PidgeonSpray · 16/04/2017 20:15

I don't think they are autistic.

I have a similar issue with my mum. She's 67 I'm 35. I went to uni and I have lived away ever since then, and my 3 siblings stayed in my home town.

Whenever I come home we have NOTHING to talk about (home every other month ). She never asks me anything about myself, what I've been doing, or my work or my friends etc.

I make inane chitchat (she doesn't do much to be fair, but she could if she wanted) I ask about our extended family, her friends, their family! ! etc ) .

So i make chit chat just so we arent sat in silence the whole time.

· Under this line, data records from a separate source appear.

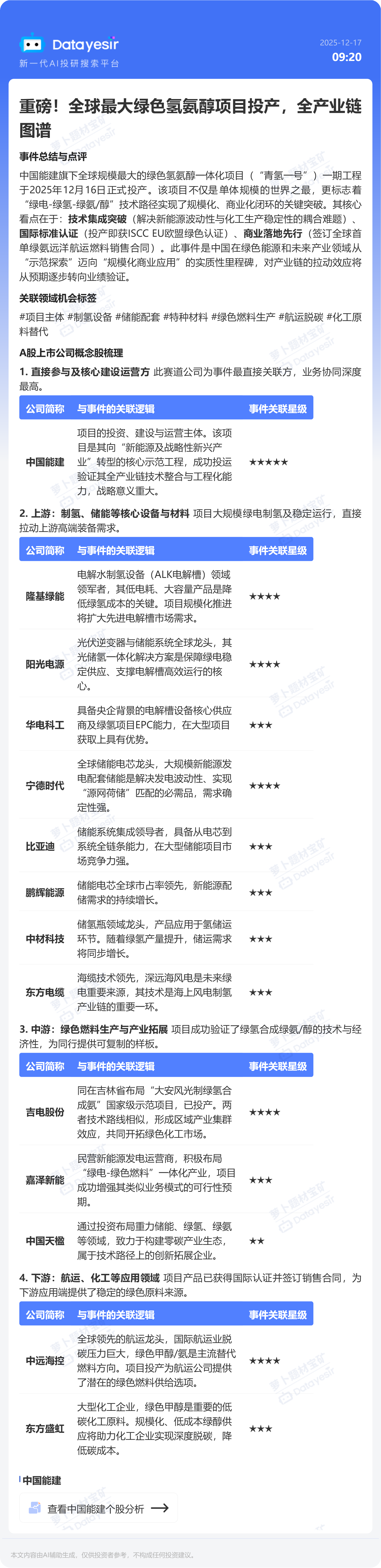 中国能建旗下全球规模最大的绿色氢氨醇一体化项目(“青氢一号”)一期工程于2025年12月16日正式投产。该项目不仅是单体规模的世界之最,更标志着“绿电-绿氢-绿氨/醇”技术路径实现了规模化、商业化闭环的关键突破。
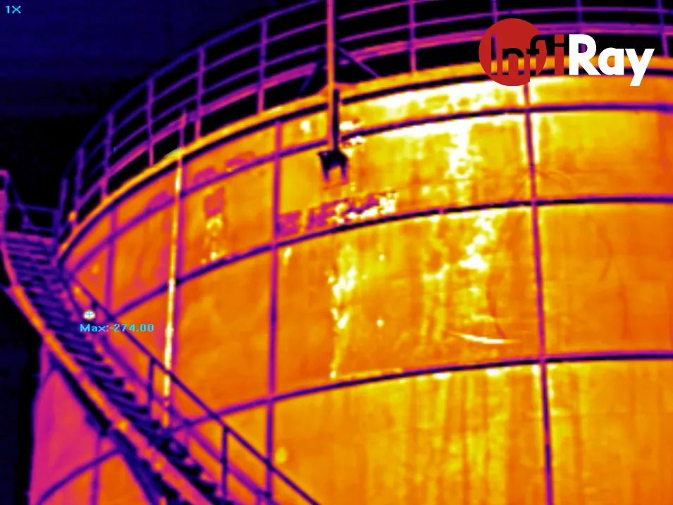 紅外熱像儀可對儲油罐區(qū)進行廣域?qū)崟r檢測,大面積的快速掃描,清晰地顯示出儲罐表面的溫度分布,精準定位泄露點。遠程掃描不僅降低工作的安全風險,還不受環(huán)境限制,夜間及惡劣天氣也能測,靈活可靠。圖片
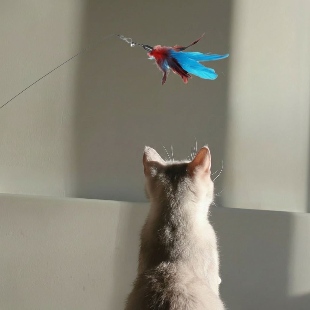 A macskák ösztönösen reagálnak a madárszerű mozgásra és a csapkodó tollakra. A legtöbb cica azonnal érdeklődni kezd, de ha a tiéd kicsit félénkebb, adj neki időt a felfedezésre. Érdemes lehet először csak a földre tenni a tollat, hadd szagolgassa meg, és csak utána kezdj el lassan mozgatni vele.
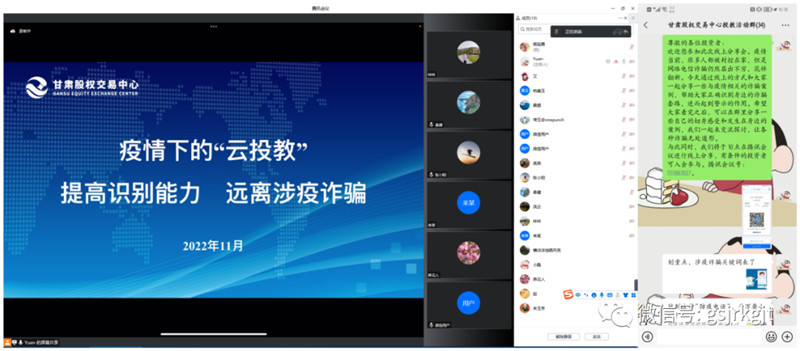 網(wǎng)絡(luò)時(shí)代給我們的生活帶來了極大的便利,但多數(shù)大齡投資者接受與使用網(wǎng)絡(luò)工具的程度較低,風(fēng)險(xiǎn)識(shí)別能力不足,甘肅股權(quán)交易中心按照合格投資者年齡結(jié)構(gòu)及使用偏好通過微信、騰訊會(huì)議等線上交流方式,組織投資者觀看涉疫詐騙視頻及案例。
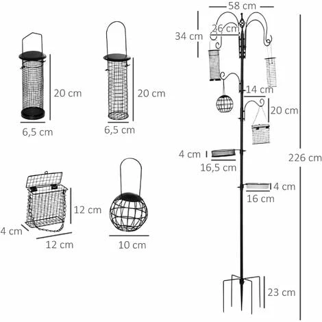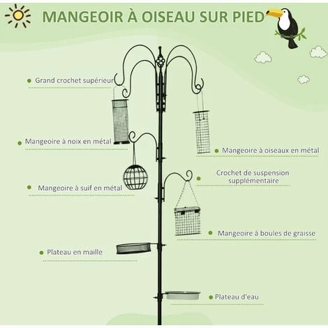 – Equipé de 6 crochets réglables, de 4 mangeoires (à graines, à cacahuètes, etc.), d’un plateau d’alimentation et d’un grand bain pour attirer de nombreuses variétés d’oiseaux à venir s’y poser
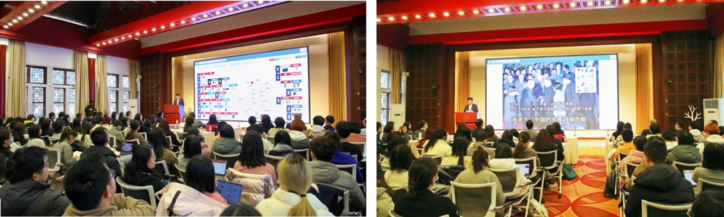 来自松下卓越运营中国东北亚公司副总裁赵炳弟先生、政府及公共关系副总监徐海波先生、松下纪念馆馆长尹晓薇女士、人力资源中心副总监蒲彤蕾女士及政府及公共关系部副总监金冬梅女士陪同本间哲朗副总裁一同来访。北京大学社会科学学部部长、国际关系学院亚非研究所所长初晓波教授,北京大学经济学院汪婉教授,开云官方网址党委书记李淑静教授以及国际关系学院、开云官方网址和经济学院的学生参加了此次讲座。讲座由开云官方网址日语系主任孙建军长聘副教授主持。
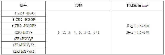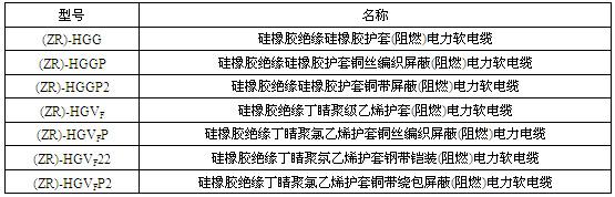 注:型號(hào)中H-硅橡膠電力軟電纜系列代號(hào),
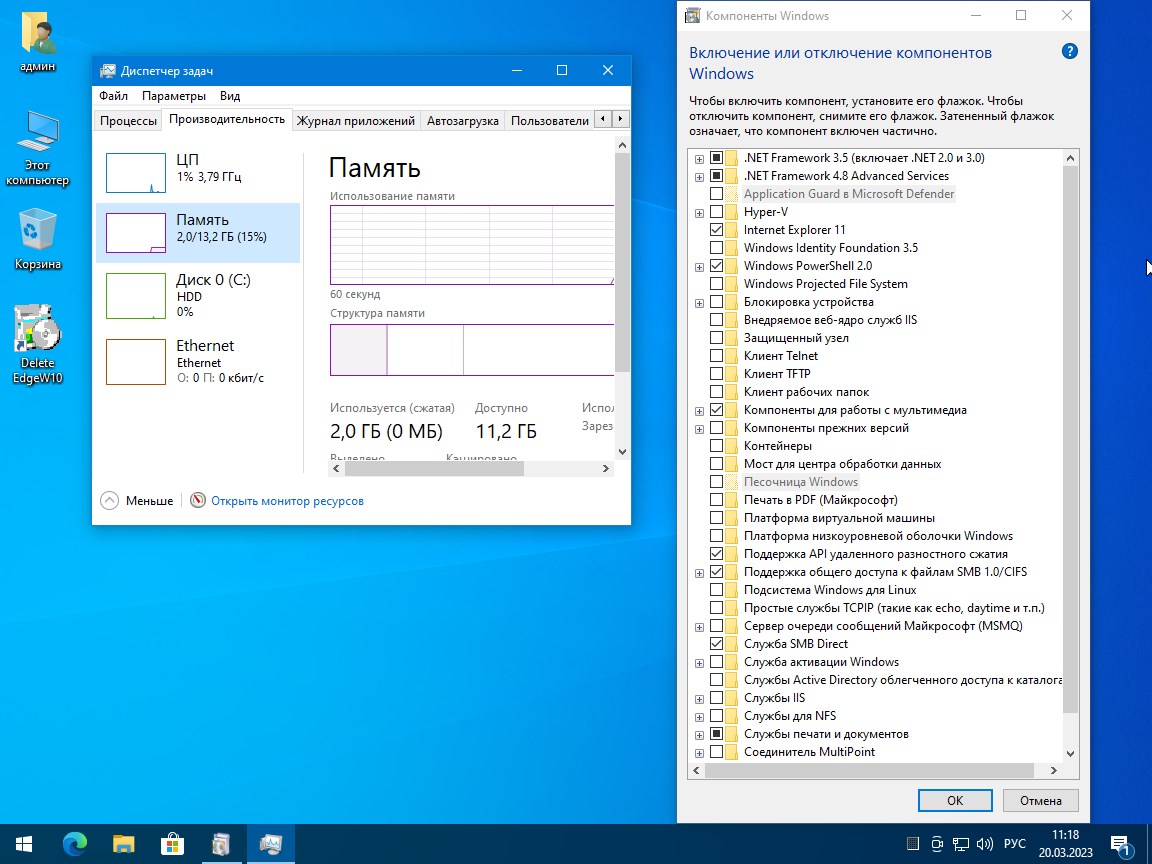 - Отключены службы телеметрии, SmartScreen, UAC и автоматические отчеты об ошибках

So no advice from me I'm afraid, other than you're not the only one :-(

Barbie222 · 16/04/2017 20:48

I think lots of people are very self absorbed and maybe haven't been exposed to the give and take of a mutually satisfying conversation much in their lives. It's just their normal, and as people vote with their feet and avoid them, it becomes like a vicious circle. If it's a close family member though, there's not much you can do apart from just accept that this relationship is sadly a bit of a one way street. I don't think you could diagnose anything from these traits though.